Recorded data
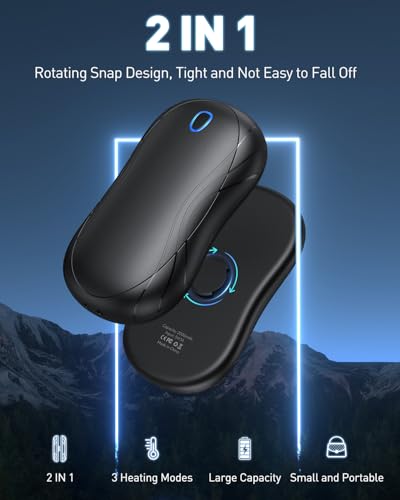 ♟[Calentador de Manos Recargable]: Diseño de succión magnética 2 en 1, cabe en los bolsillos de la mano izquierda y derecha. Reponga la temperatura en sus manos a tiempo cuando esté al aire libre, pescando, caminando, acampando, esquiando o viajando. También es el calentador de mano portatil perfecto para aquellos que viajan al trabajo o a la oficina cuando hace frío.
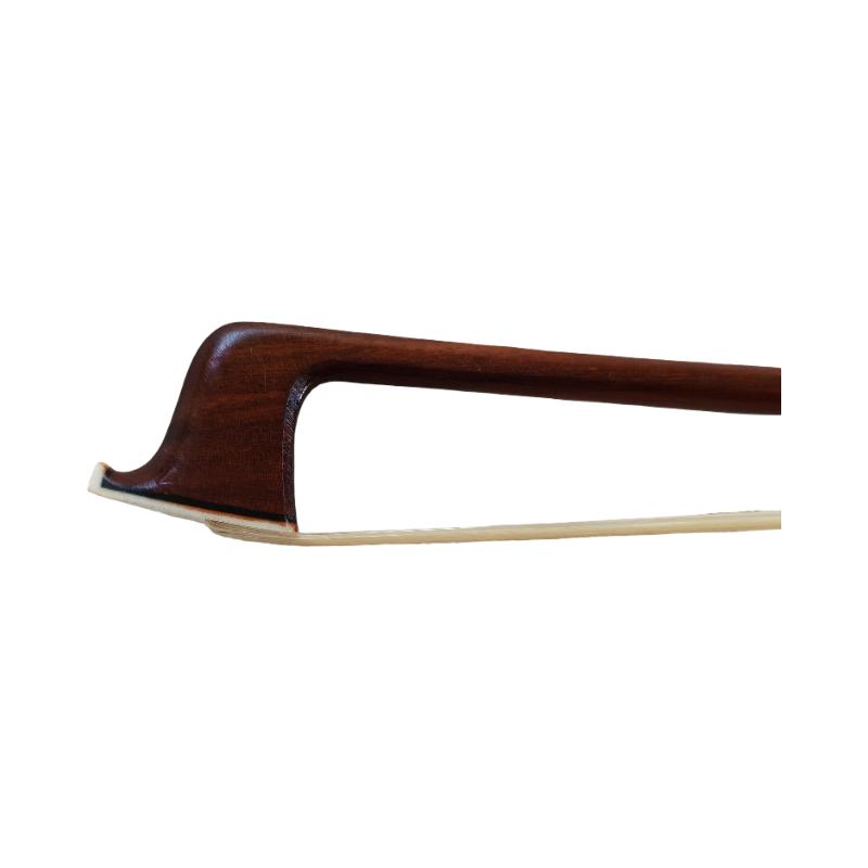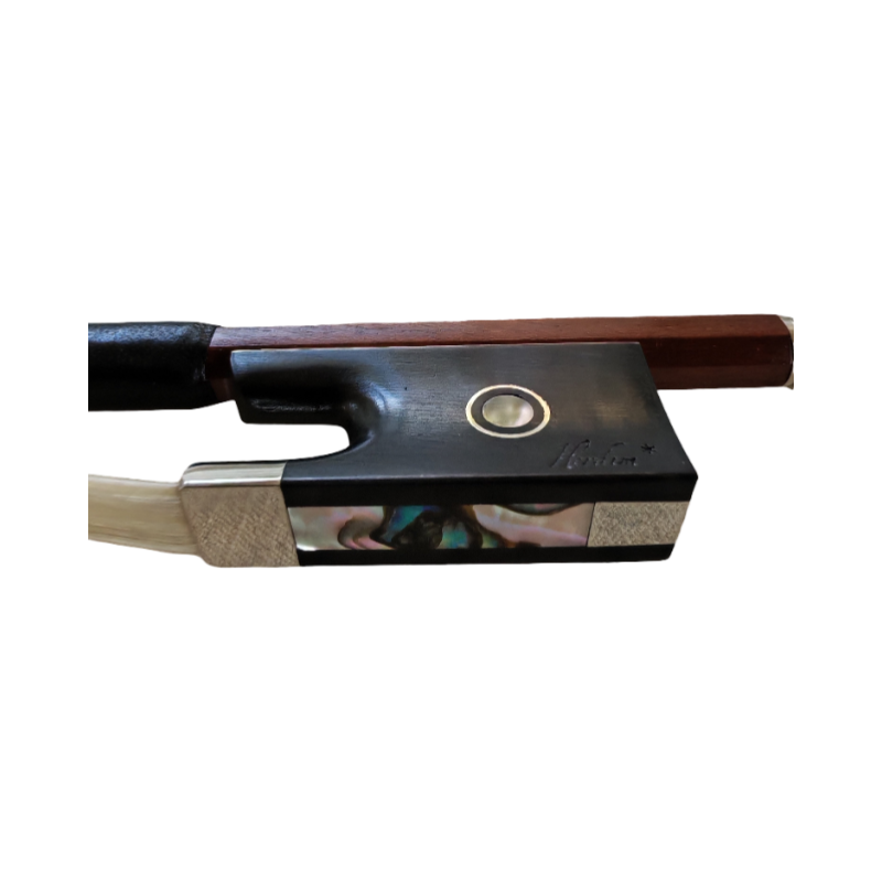 Stiff octagonal stick, brazilwood Nickel silver mounted Mongolian horse hair hank Fully lined ebony frog Parisian eye 3-part button Flamed abalone slide Outstanding bow for aspiring students, worked after traditional French pattern. Hand finished and varnished. High-grade wood selection, well seasoned, octagonal stick.
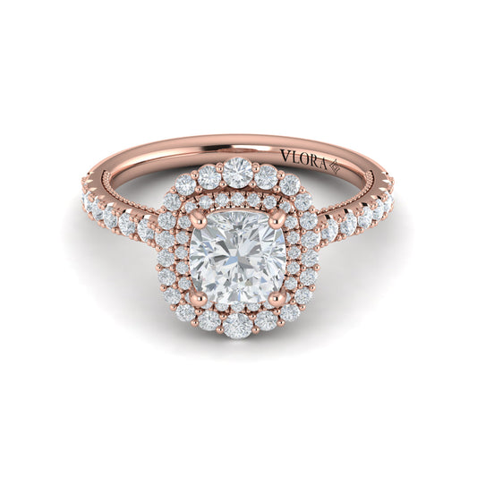 14K Rose Gold Cushion Double Halo Engagement Ring
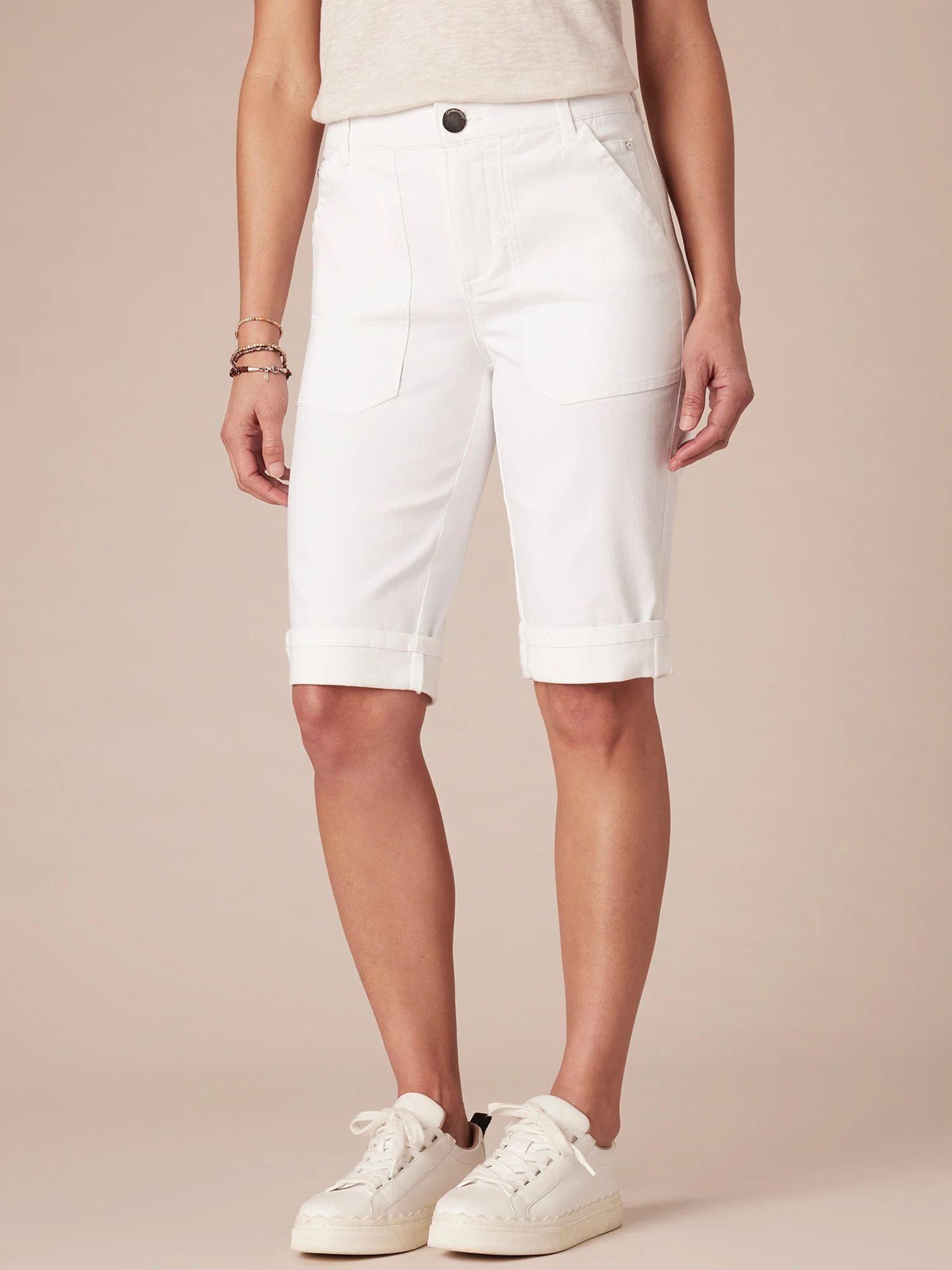 "Ab"solution High Rise Cuffed Denim Bermuda Short with Coin Pockets
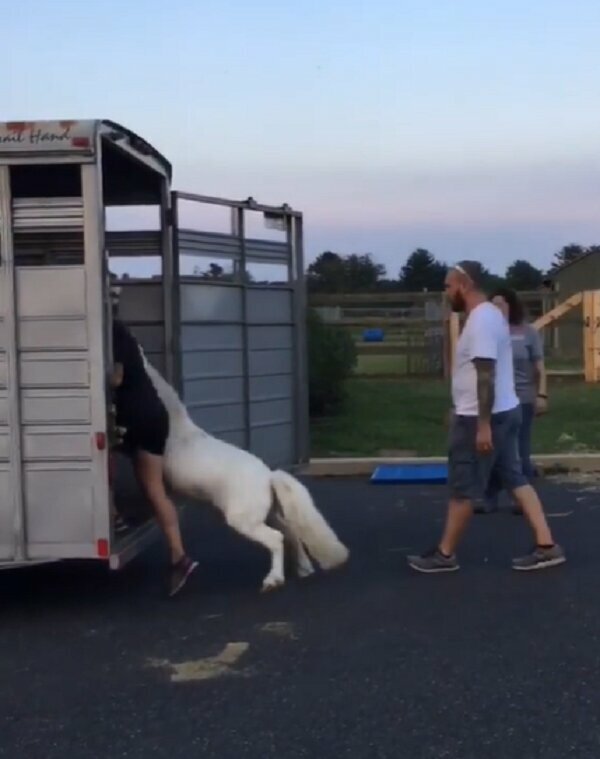 V den jejich adopce přivezli Maddie a Nick koňský přívěs a připravili na něj naložit poníka. Ukázalo se, že to není nutné - Waffle viděl svého přítele jít dovnitř a skočil za ním!
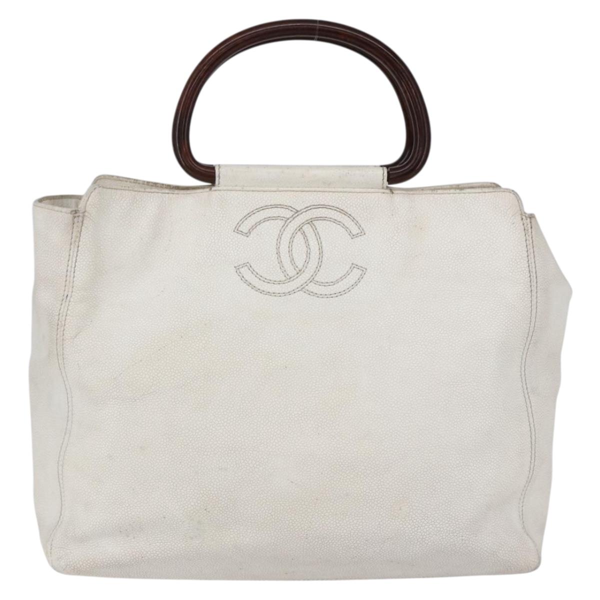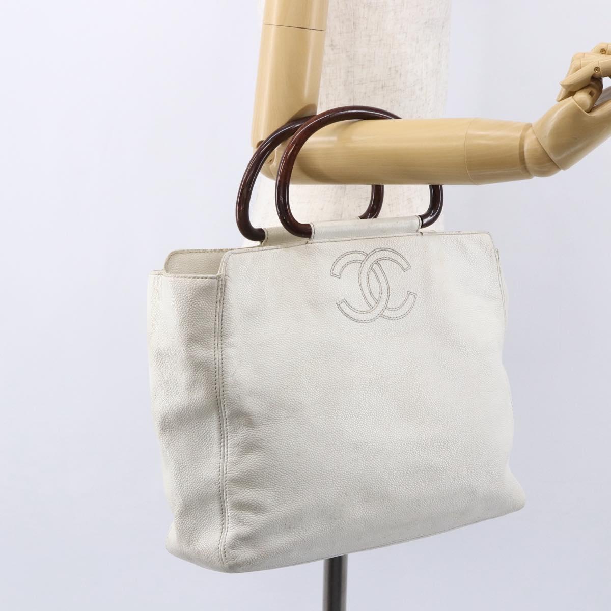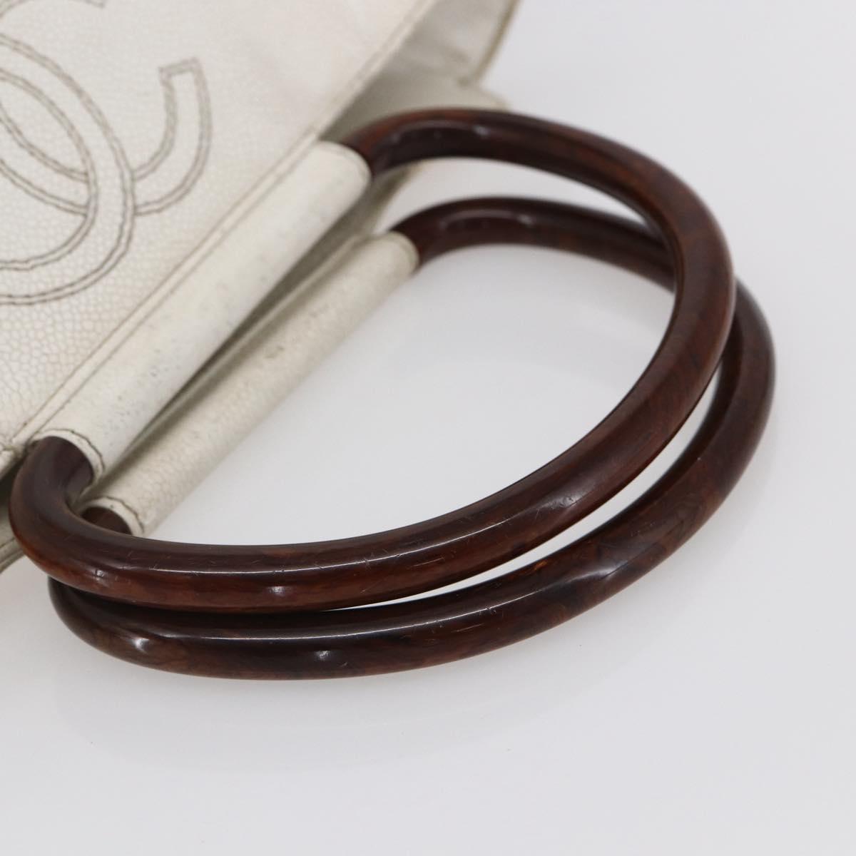 CHANEL COCO Mark Hand Bag Caviar Skin White Gold CC - bs30607
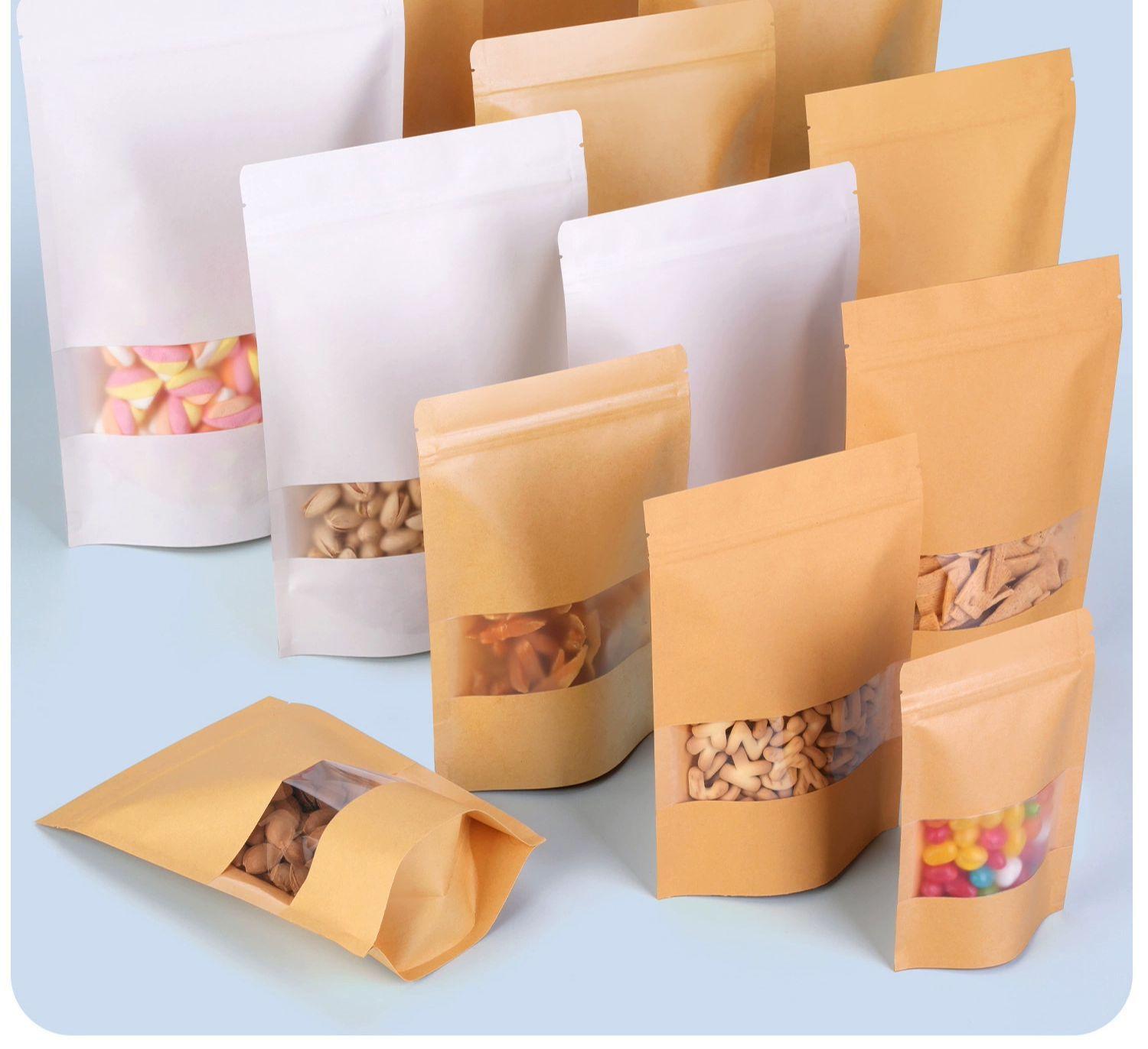 Bolsa Ziplock de Papel Kraft Marrón Autoportante para Alimentos Sellada Té Bolsa de Té Empaque Snacks Nueces Horneadas Venta al por Mayor Personalización

* **Action item**: What you set down should be exactly the lines from the line containing "CHANEL COCO Mark" to the last line of the entries above, both included, with no pictures.

* **Reply**:
 CHANEL COCO Mark Hand Bag Caviar Skin White Gold CC - bs30607
 Bolsa Ziplock de Papel Kraft Marrón Autoportante para Alimentos Sellada Té Bolsa de Té Empaque Snacks Nueces Horneadas Venta al por Mayor Personalización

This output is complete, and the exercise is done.